Shares in 123.ie parent company RSA plunged today after it suspended three senior executives in its Irish business over “issues” expected to result in a £70m (€83m) profits hit.
RSA chief executive Simon Lee said he was “extremely disappointed” by the disclosure as the group announced an independent review into financial and regulatory controls in the Ireland division.
Mr Lee insisted the issues would not have a material long term impact on the group but this was not enough to prevent shares falling by as much as 16% as investors digested the second RSA profits warning in less than a week.
A few days earlier the group said last month’s St Jude’s storm would leave it nursing a £65m (€78m) hit after it wrought havoc across the UK and northern Europe.
The double blow meant that at one stage during today’s session, shares were a fifth lower than they were at the close last Monday, though they later pared back some of the losses.
On Friday, the group announced after trading closed that RSA Insurance Ireland had suspended chief executive Philip Smith, chief financial officer Rory O’Connor and claims director Peter Burke pending the outcome of an investigation.
The group said a routine internal audit had uncovered “issues” that would result in an operating result £70m (€83m) below market expectations, and that it was now cooperating with the Central Bank of Ireland on an internal probe.
It stressed: “No findings have been made against any individuals at this time.”
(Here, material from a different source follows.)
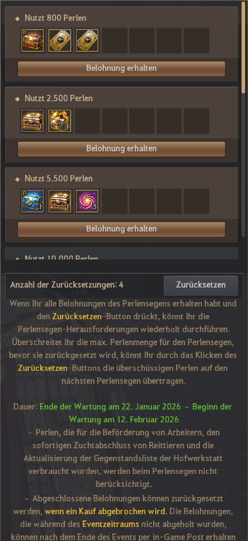 ▲ Sobald Ihr alle Belohnungen des Perlensegens beansprucht habt, klickt auf den Button „Zurücksetzung“, um erneut zu starten!

The group said at the weekend that PwC had been appointed to undertake a “comprehensive review of the issues identified last week in its Irish claims and finance functions” without giving further details of what the issues were.
In a statement, it said: “The review will focus on the financial and regulatory reporting processes and controls within the Irish business and the group oversight and controls of the Irish business during the relevant period.
“The review will also assess the adequacy of the remedial actions being taken. PwC will report back to the RSA board before the end of the year.
Mr Lee said: “We are extremely disappointed with the issues which have been identified and their financial impact on the group. While the investigation is ongoing, I am confident that these issues are isolated to the Irish business.
“No policyholders have been affected and all our Irish businesses continue to operate as normal. Nevertheless, we want to ensure that the actions being taken in Ireland and across the group are correct and that all lessons are learnt.
“While these issues are serious, they do not have a material, long term impact on the group.
“Our capital position remains robust and we remain committed to our dividend policy which is aligned with market expectations for the full year final 2013 dividend.”